Давыд задохнулся, у него потекли слезы.
«Я и говорю, - тронул он покрасневшую шею, - тыринс-протыринс…»
От него отвернулись:
«Похоже, не в себе…»
С тех пор Кавадраш пошел в гору. Переехал в город, купил мастерскую. В делах у него появился поверенный, Моисей Яковлевич, ногой открывавший двери модных галерей. «Люди забывчивы, - говорил он, перебирая пуговицы залоснившегося пиджака, - без поддержки имя сходит, как первый снег…» Кавадраш посмеивался, но деньги давал. И его имя стало на слуху, его фотографиями запестрили журналы. Даже критики, называвшие живописцев «картинщиками» и «прошлым тысячелетием», были к нему благосклонны, искусствоведы и «нужные люди» толкались в его прихожей. Теперь Кавадраш работал, как машина, – его подстегивала цена, подгонял Моисей Яковлевич: «Задаром никто и спички не отдаст… А известность? Почему она должна с неба падать? Все имеет свою цену, даже манна небесная…» Моисей Яковлевич смотрел большими слезящимися глазами, в которых светились тысячелетия скитаний, и Кавадраш думал, что в юности все одинаковые, но с возрастом каждый приближается к своим предкам, которые проступают на школьных фотографиях вместо сверстников. «Но есть же глаза… - произносил он, обмакивая в краску кисть. – Люди отличат талант от тыринс-протыринс…» «Люди? – поднимал бровь Моисей Яковлевич. – Да им всё равно, а золотого тельца можно потрогать…»
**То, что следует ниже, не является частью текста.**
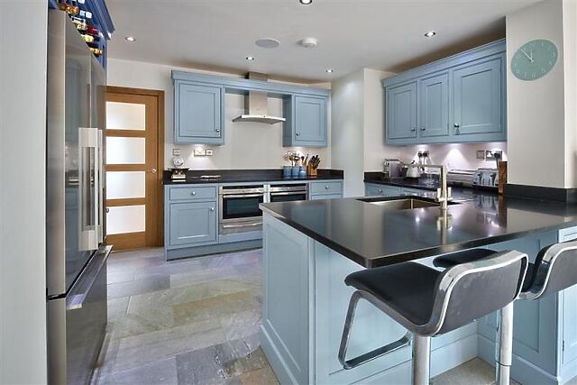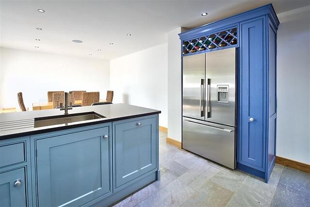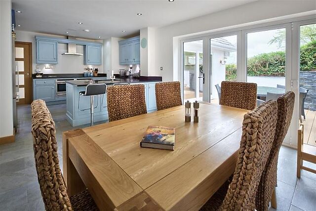 The interiors are designed to a high standard, featuring a stunning oak and glass staircase, a high-quality kitchen with granite worktops, and a living and dining room perfect for social gatherings. The master bedroom on the first floor includes an en-suite and a full-height glass apex with French doors leading to a terrace.

И опять Кавадраш думал, что любое учение наполняют собой.
Поначалу город представлялся ему человеком спросонья, который беспокойно ворочается с бока на бок и никак не может устроиться удобно, но вскоре он перестал интересоваться другими, перестал, как зверь, принюхиваться к чужой жизни. «Это дети живут с оглядкой, - разводя краски, щурился он на плывшие в окне облака, - а взрослые видят только себя…»
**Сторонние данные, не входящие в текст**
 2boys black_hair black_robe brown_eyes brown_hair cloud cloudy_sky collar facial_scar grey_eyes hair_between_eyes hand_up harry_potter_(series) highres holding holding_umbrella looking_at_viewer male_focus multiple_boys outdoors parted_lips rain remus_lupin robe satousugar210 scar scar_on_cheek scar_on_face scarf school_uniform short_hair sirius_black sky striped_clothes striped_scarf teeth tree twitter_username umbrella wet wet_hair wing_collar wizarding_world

Теперь к Давыду было не подступиться, ключ от сердца он носил в кармане на одной связке с ключами от квартиры и машины. Случалось, ему представляли молодых, которым перешли дорогу его деньги, и тогда его мучили угрызения. А ночами снился Моисей Яковлевич. «К вам это, конечно, не относится, - заговорщически шептал он, выпячивая губы и делаясь похожим на барсука, - но знаменитость можно сделать даже из пустого места…»
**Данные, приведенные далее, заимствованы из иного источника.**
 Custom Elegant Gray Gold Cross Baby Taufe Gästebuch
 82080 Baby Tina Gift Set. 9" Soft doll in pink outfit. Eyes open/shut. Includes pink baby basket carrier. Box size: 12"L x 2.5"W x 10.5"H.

И Кавадраш просыпался в холодном поту.
Дело свое Моисей Яковлевич знал, и Кавадраш вошёл в круг избранных, которые делят между собой все премии и говорят только о своих. На пленэре его окружали газетные репортеры, а в подъезде караулили почитатели. Постепенно он привык к похвалам, разрывался между телевидением, презентациями, выставками, и уже подумывал нанять молодых художников, которые бы копировали его манеру. Но таких не нашлось – реализм сменила абстракция. «Дружище, зачем портрет – фотоаппарат же есть», - хлопали его по плечу представители новых течений. И Давыд уже откровенно халтурил, в душе называя себя «мазилкою», стыдился своего ремесленничества. Но инициалы ставил. И тогда за неудачные наброски дрались музеи, а коллекционеры выкладывали огромные суммы, так что Кавадрашу казалось, будто вместе с картинами покупают его самого.
Его сравнивали с великими, слава о нём облетела край. «Слыхал, - встретили его на реке, - какой известный у тебя однофамилец!» Давыд растерянно поморщился, ему захотелось всё бросить и вернуться на пристань насовсем, но жизнь – это поезд, на который билет выдают в один конец. О. Савелий осунулся, стал глуховат, раздражителен и громко кричал, когда ругался со служками. «Нет старика – купил бы!» - обнял его Давыд. И протянул деньги: «На храм…»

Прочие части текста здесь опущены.